Video streaming services have become the site for mini-platform wars unto themselves, with different services rolling out 4K, high-dynamic range video, and other improvements as they jockey for position. Today Netflix announced that it is adding the immersive Dolby Atmos sound format to its repertoire, and the first film to receive the treatment is Bong Joon-ho’s Okja. The film is also being presented in Dolby Vision, the company’s high-dynamic range video format.
Surround sound has been around in movie theaters and at homes for decades, but Atmos — which launched back in 2012 — gives filmmakers increased flexibility in their creative choices. Ceiling-mounted speakers offer the ability to place sound above the audience, but more important is the way that sound is mixed in the first place. Rather than creating a static, fixed mix where different sounds are placed around a defined number of channels, as would happen with a 5.1 and 7.1 systems, Atmos views sound elements as virtual objects that can be placed anywhere in the theater. That provides an incredible amount of versatility, and allows the final mix to scale from massive theaters, to smaller installations, and all the way down to home theater setups.

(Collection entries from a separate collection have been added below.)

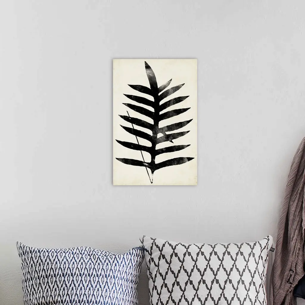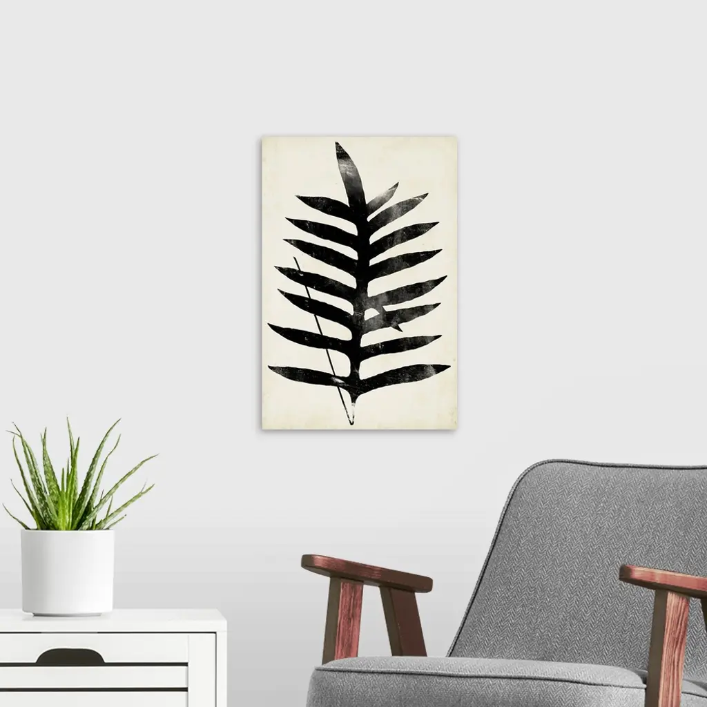 This contemporary artwork features a silhouette of a fern leaf over a neutral background with distressed textures throughout.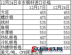 12月24日中東進口鋼材價格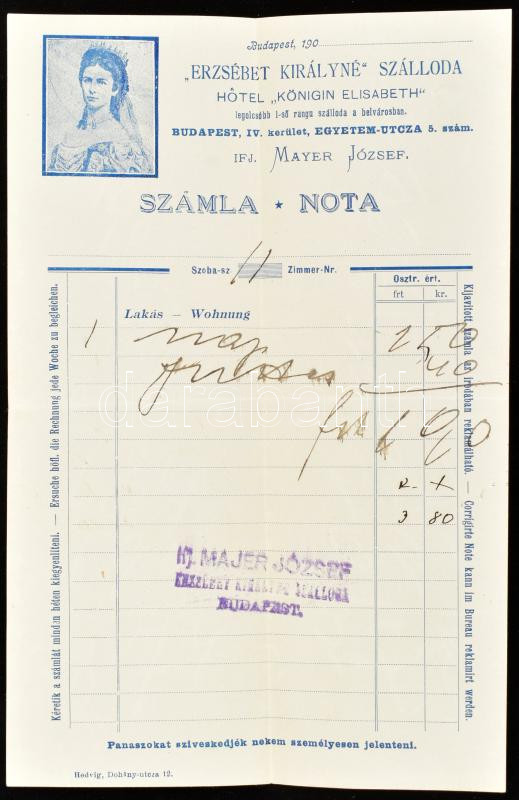 1900 Budapest Erzsébet királyné szálloda számla a királyné arcképével
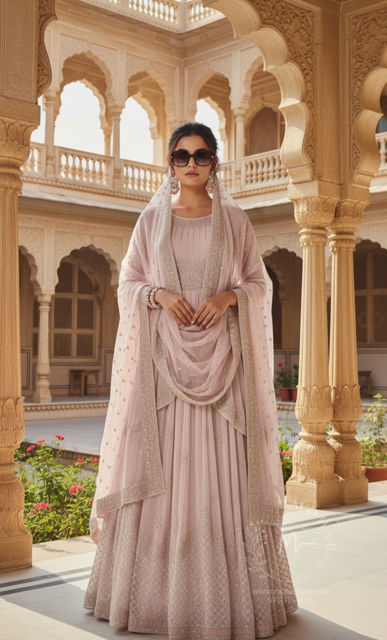 Imagine yourself twirling in this ethereal pink creation, the delicate embroidery shimmering under the lights, as you create unforgettable memories. This isn't just a lehenga—it's a statement of grace, elegance, and timeless beauty.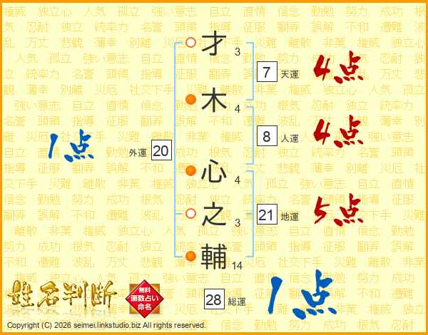 才木心之輔さんの総運は28画の1点!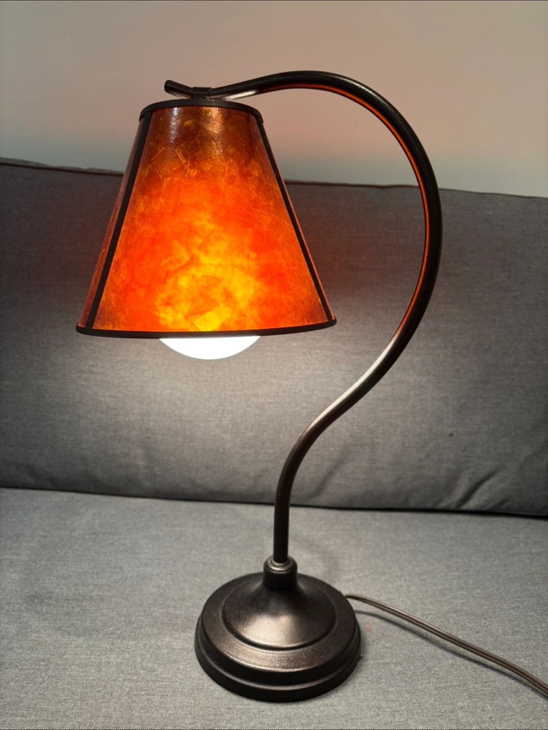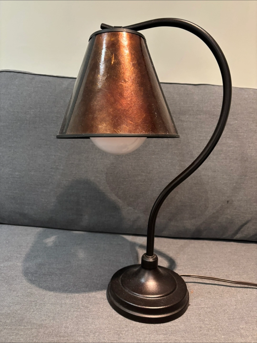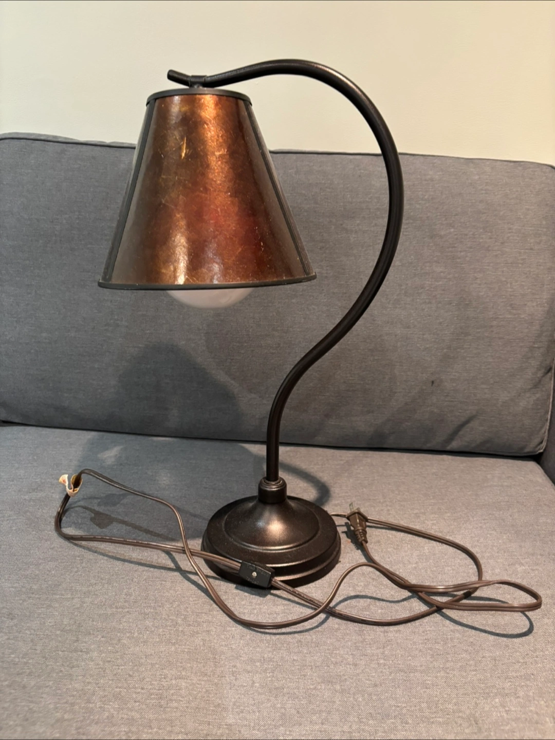 Here's a stylish desk lamp that would look great in any room! It features a bronze-coloured shade and a curved black metal stand. It's in great shape and ready to brighten up your space - great condition - perfect for any office or bedroom space - message for inquires - located at dufferin and Lawrence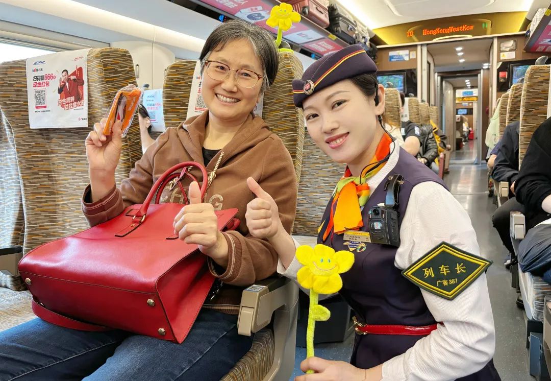 列车广播设置了粤语到站及安全提示,确保每位旅客都能及时接收到重要信息。车上还备有充电插头转换器,方便香港旅客使用。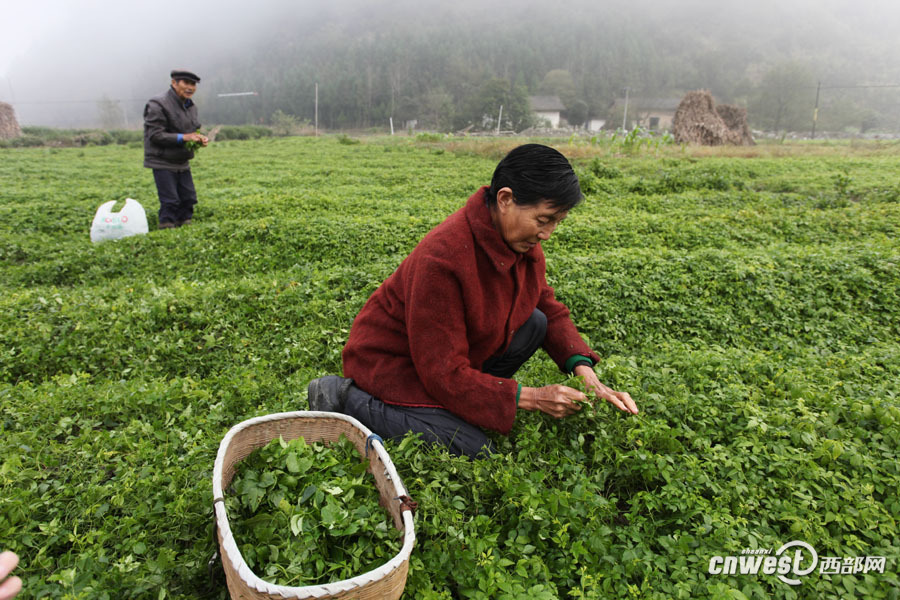 广佛镇铁炉村农户在采摘绞股兰。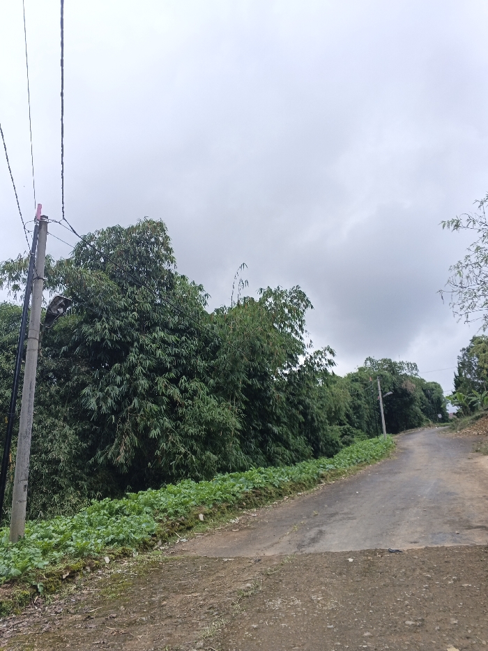 A cloudy sky hangs over a narrow, paved road winding through a lush landscape. Dense green foliage, including tall bamboo, lines the roadside, with lower-lying vegetation hugging the edge of the road. A utility pole with wires stands prominently on the left, adding a touch of civilization to the natural setting. The road itself appears weathered, suggesting rural tranquility.

For the latter scenario, a number of Dolby partners have released speakers that bounce audio off the ceiling of a room to help re-create the same kind of immersive soundfield that a proper Atmos installation provides.
As with all new technologies, however, the initial rollout is going to be limited. Compatible LG televisions will offer one way to stream Atmos content, while the Xbox One and Xbox One S will also offer the capability. Atmos home theater setups will also be required, of course, though Xbox users will also be able to listen to the virtualized Atmos mix with headphones if desired.
The number of supported devices will expand over time, as will the titles. But unsurprisingly, Netflix is focusing on its original movies for now, with movies like Blame!, Adam Wingard’s Death Note, and the Will Smith-starring Bright all receiving Atmos releases by the end of the year. It’s a small point of differentiation, but it’s an important one as original content continues to be such a vital part of the long-term strategy of all streaming services. Things like theater-quality surround sound and high-dynamic range video bring the home viewing experience that much closer to the theatrical one, and Netflix’s ability to offer them with its own films gives audiences one more reason to stay home and keep watching.